Player Inductee 
Yeoman/APPM/Wynyard/Cooee, Centre Half Back/Centre Half Forward, 1940-58
- Around 20 games for Yeoman (Darwin FA), 1940
- Around 20 games for APPM (Associated Pulp & Paper Mills), 1941
- Around 110 games for Wynyard, 1945-50
- Around 150 games for Cooee, 1951-58
- Cooee captain-coach, 1953-54
- Yeoman Darwin FA premiership, 1940
- Wander Medal, 1949 (NWFU Best and Fairest)
- NWFU Western Division Best and Fairest 1946, 1947
- Darwin FA Best and Fairest 1940
- Wynyard Best and Fairest 1949, 1950
- Cooee Best and Fairest 1954, 1956
- NWFU Leading Goalkicker 1957 (51)
- Tasmanian National Carnival representative 1950 (Brisbane)
- Five representative matches for Tasmania 1950-51
- National Schoolboys Carnival representative 1938 (Captain)
- At least 25 representative matches for NWFU 1945-55
Perhaps the greatest footballer whose entire career was spent playing on the north-west coast, Len Hayes enjoyed a hugely decorated career, winning multiple club and competition Best and Fairest awards.
Born in 1922 in the small community of Sisters Creek near Wynyard, Len Hayes’ talent for football first became evident in 1938 at the age of 16. Not only did he make his first appearance in senior football – debuting with and playing in a premiership for Myalla in the Table Cape Football Association – he was also selected as captain of the Tasmanian side for the 1938 National Schoolboys Carnival in Hobart.
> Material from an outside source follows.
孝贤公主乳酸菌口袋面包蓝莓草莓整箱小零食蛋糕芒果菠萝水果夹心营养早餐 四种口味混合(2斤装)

After further short stints with Yeoman in the Darwin Association in 1940 (which brought another premiership and the Association Best and Fairest at just 17 years old) and APPM in 1941-42, Hayes enlisted in the military during World War II. He served with the AIF 12/50 Infantry Battalion stationed in Darwin, playing in the 12/50’s football side that featured fellow star Tasmanian footballers Alf Tiffin and Ted Pickett. Upon his discharge from the army in late-1944, there were a number of VFL clubs who pursued Hayes. However, he was unwilling to leave his farm at Sisters Creek and opted to remain in Tasmania, returning to football for the 1945 season – this time at senior NWFU level – with Wynyard.
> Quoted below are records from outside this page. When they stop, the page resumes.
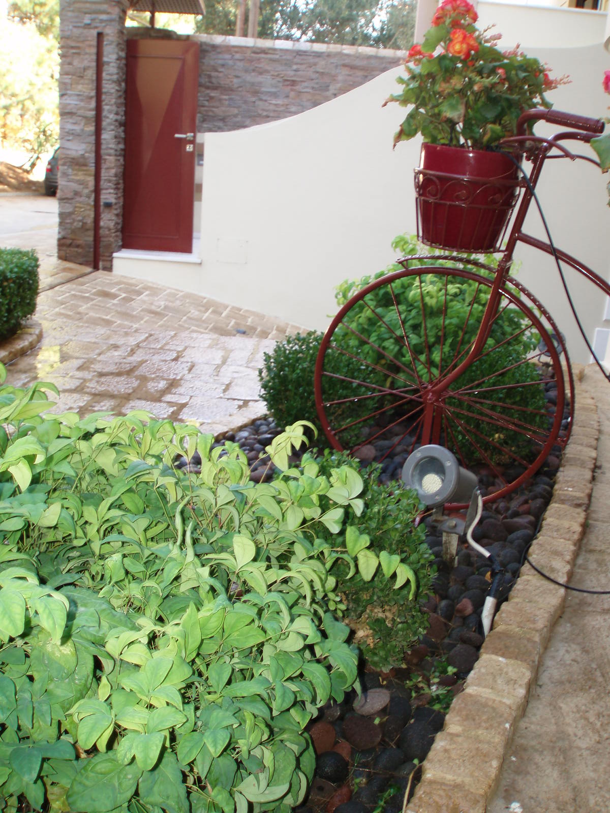 5. Τέλος , το κόκκινο ποδήλατο , μία ρετρό διακοσμητική πρόταση και παράλληλα μία πολύ καλή ευκαιρία για την τοποθέτηση των απαραιτήτων εποχιακών φυτών.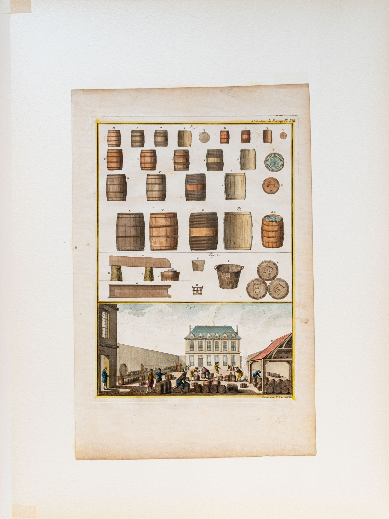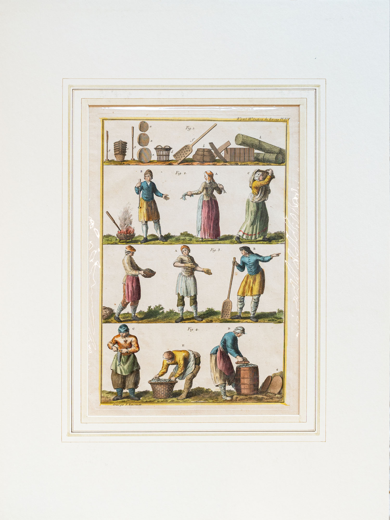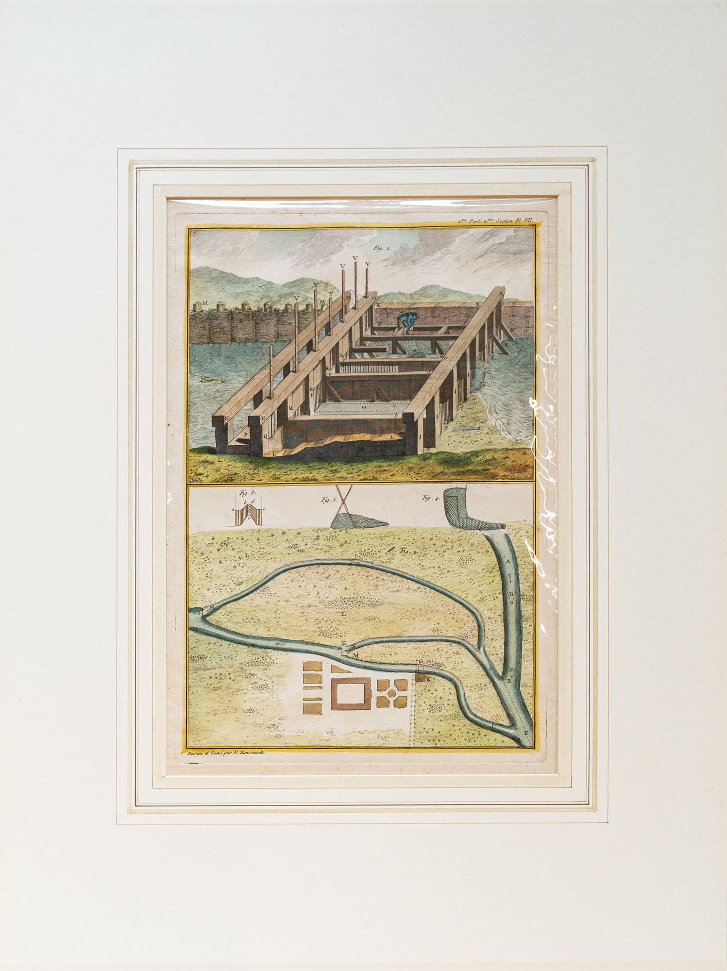 N. Ransonette - Sei incisioni in rame colorate a mano raffiguranti cattura, allevamento e conservazione del pesce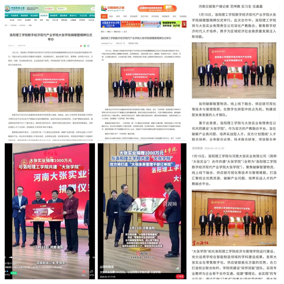 5.洛阳晚报公众号,2026年1月16日,《捐赠1000万元!洛阳理工学院与大张实业合作共建“大张学院”》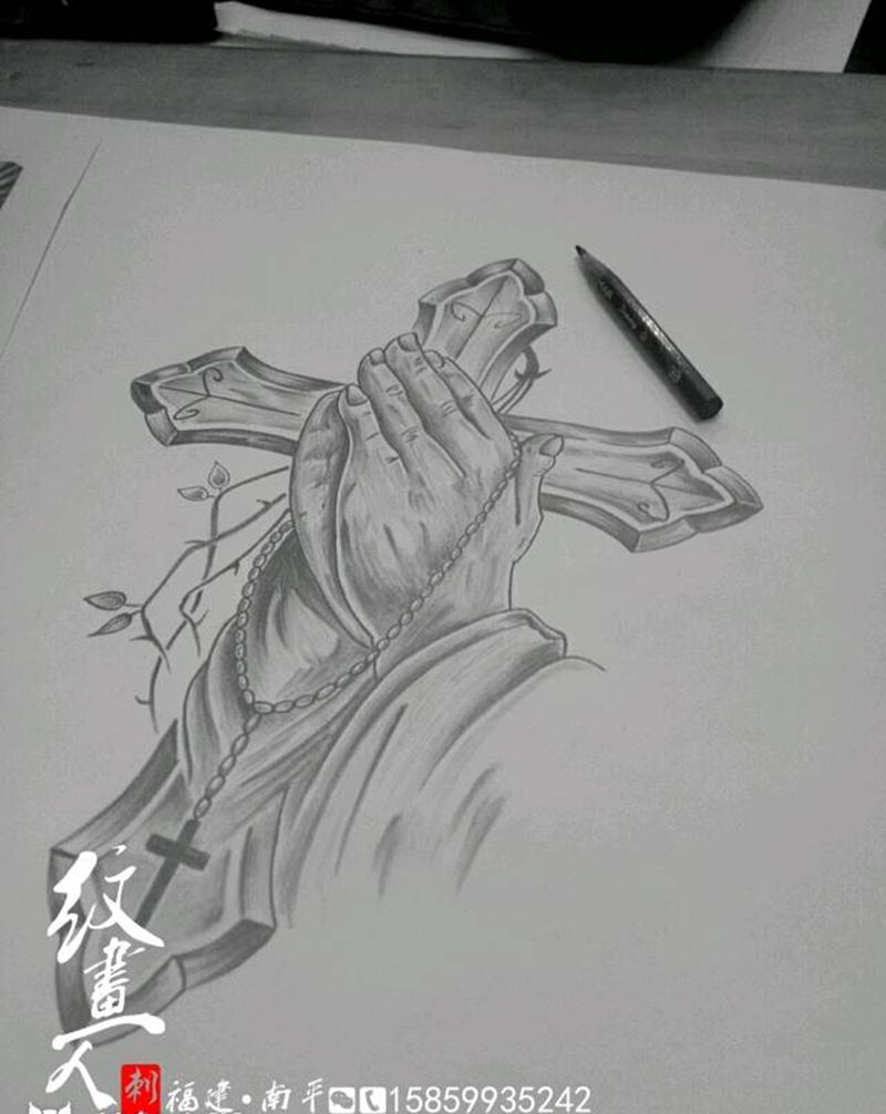 • H5款精美的小型十字架纹身 迷你纹身图案

From his first game in the NWFU Hayes stamped himself as one of the Union’s most magnificent players. A versatile player most at home at Centre Half Back or Centre Half Forward, Hayes used his great strength and powerful physique to dominate games like few had before or since, and by the time his six-season stint with Wynyard ended after the 1950 season he boasted two NWFU Western Division Best and Fairest awards (1946-47), a Wander Medal as Best and Fairest in the recombined competition (1949), two club champion awards with Wynyard themselves (1949-50) and representative honours for his state at the 1950 National Football Carnival in Brisbane. Alas, for all Hayes’ individual success there would be no premiership with the blue and whites, the closest he would come being a Grand Final loss to East Devonport in 1949. After Cooee approached Hayes with the offer of the captaincy, the 28-year old moved down the coast to play for the Bulldogs for the 1951 season, and he immediately picked up where he had left off with Wynyard, representing Tasmania against Victoria and helping the Bulldogs to the Grand Final, where they were unfortunately crushed by Ulverstone.
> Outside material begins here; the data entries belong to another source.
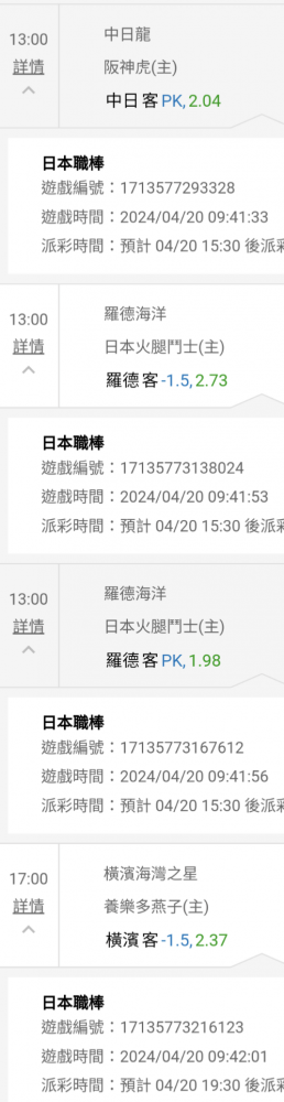 >> 2024年04月20日 日本職棒:[巨龍雙海雙鷹]或可嘗試[複合式串關]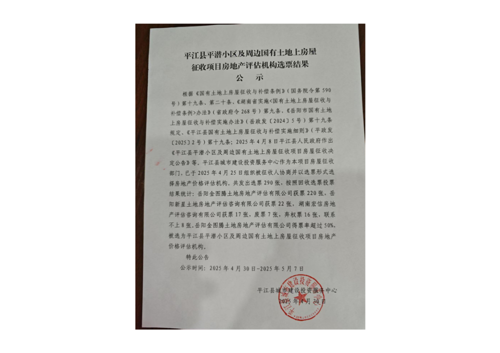 平江县平潜小区及周边国有土地上房屋征收项目房地产评估机构选票结果公示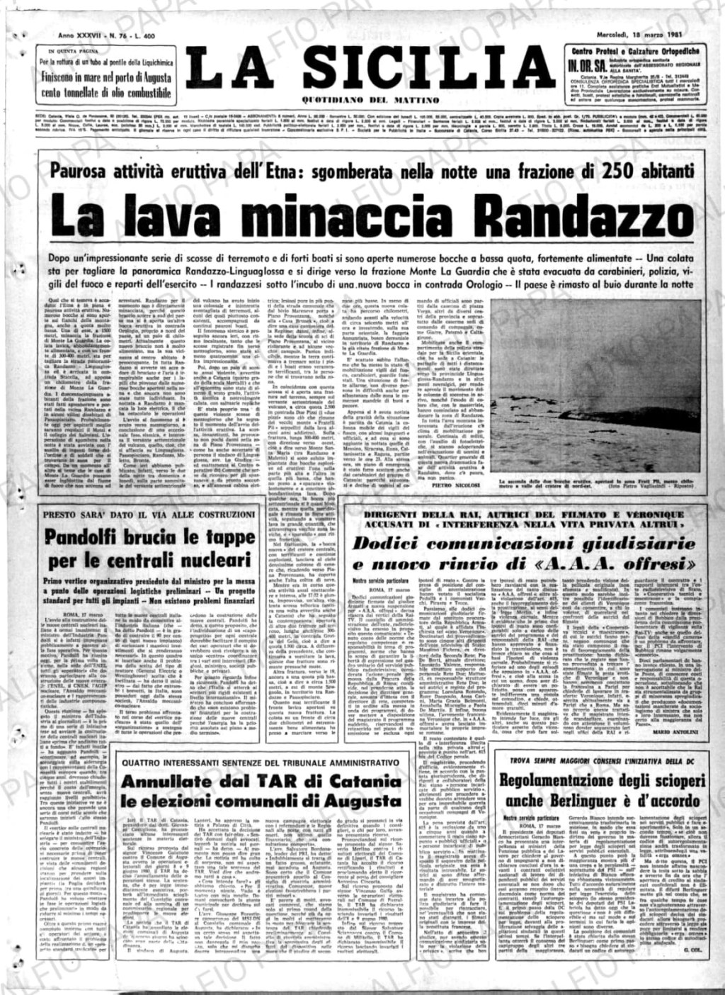 C’è una memoria che non sbiadisce. Non è scritta soltanto nei libri o negli archivi, ma negli occhi di chi c’era, nelle parole sussurrate nelle piazze, nel silenzio che ancora oggi avvolge certe contrade. È la memoria del 17 marzo 1981, il giorno in cui il respiro della terra si fece fuoco e scese a valle, puntando dritto verso Randazzo. La mattina successiva, il quotidiano La Sicilia apriva con un titolo che ancora oggi vibra come un eco lontano: “Paurosa attività eruttiva dell’Etna: sgomberata nella notte una frazione di 250 abitanti – La lava minaccia Randazzo”. Non era un’esagerazione giornalistica. Era la fotografia di una paura reale.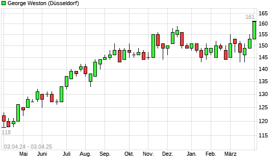 Mit dem Anstieg auf 160,00 EUR hat die George Weston-Aktie (ISIN CA9611485090) am 02.04.2025 ein neues All-Time-High erreicht und damit den Kurs vom 13.12.2024 eingestellt.Die ...weiterlesen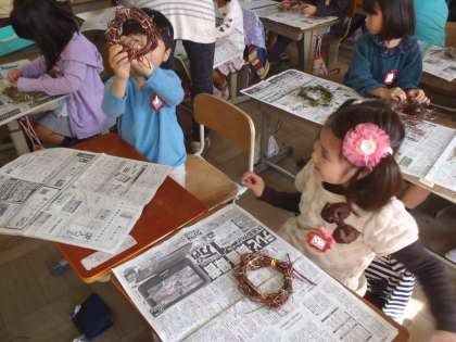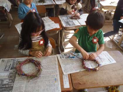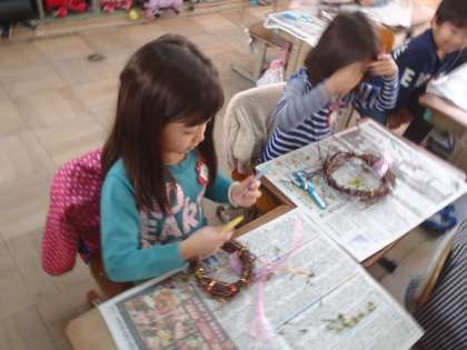 支柱からつるをとるのも一苦労。わっかにして,つるをまきつけて・・・と,みんな悪戦苦闘していましたが,できあがったリースを見てとても嬉しそうでした。

Over the next seven seasons, Hayes was as one of Cooee’s most influential contributors, winning club Best and Fairests in 1954 and 1956, and remaining – as he had been at Wynyard – a first choice selection for NWFU representative teams. After coaching the club for two years in 1953-54, Hayes final chance for an NWFU premiership came in 1956, but as had been the case five years earlier, Cooee was simply no match for Ulverstone. Even at the very end of his career Hayes was still making an impact, as the 34-year old topped the NWFU goalkicking table with 51 majors in 1957.
Hayes retired from senior football at the end of the 1958 season, aged 35, and his contribution and legacy to coastal football was celebrated with all due diligence. His greatest honour however had come three years earlier, when he was the first – and ultimately only – coastal footballer to be afforded the honour of a testimonial match on October 1st, 1955. Hayes moved to Queensland in later life, and he passed away in 2010 at the age of 87.